12:02	<gsnedders>	eighty4: No, if holiday then no concept of time. The inverse does not hold true.
12:03	<eighty4>	:)
12:03	<eighty4>	I'm having 2 days completly alone tomorrow... during that time I'll probably have no concept of time
12:15	<remysharp>	Is this a sensible place to ask html5 questions - in particular about using it for new sites/pages?
12:16	<gsnedders>	remysharp: Yes
12:16	<gsnedders>	remysharp: But I would say that, wouldn't I? :)
12:16	<jgraham>	gsnedders: The right answer was no. We fail on the first clause (Is this a sensible place)
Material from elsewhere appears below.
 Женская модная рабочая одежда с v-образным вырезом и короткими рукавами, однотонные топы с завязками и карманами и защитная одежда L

12:16	<gsnedders>	jgraham: True.
12:17	<remysharp>	Hmm, okay - how about senseless questions?
12:17	<jgraham>	remysharp: However it is still a good place to ask HTML 5 questions
12:17	<gsnedders>	jgraham: But giving the right answer would be sensible.
12:17	<jgraham>	Perhaps the best
12:17	<jgraham>	Just note the /topic
12:18	<remysharp>	So, in the <footer> element, if I have a list of elements -
12:18	<remysharp>	As per this example: http://dev.w3.org/html5/spec/Overview.html#the-nav-element
12:18	<remysharp>	shouldn't the list be in a nav element?
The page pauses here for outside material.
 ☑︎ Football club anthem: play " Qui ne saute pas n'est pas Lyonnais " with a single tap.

12:18	remysharp	hmm - was that the right link...
12:19	<gsnedders>	remysharp: "Not all groups of links on a page need to be in a nav element — only sections that consist of primary navigation blocks are appropriate for the nav element."
12:19	<gsnedders>	remysharp: They aren't primary navigation links
12:19	<remysharp>	gsnedders: ah, right, so only "primary" - great - thanks.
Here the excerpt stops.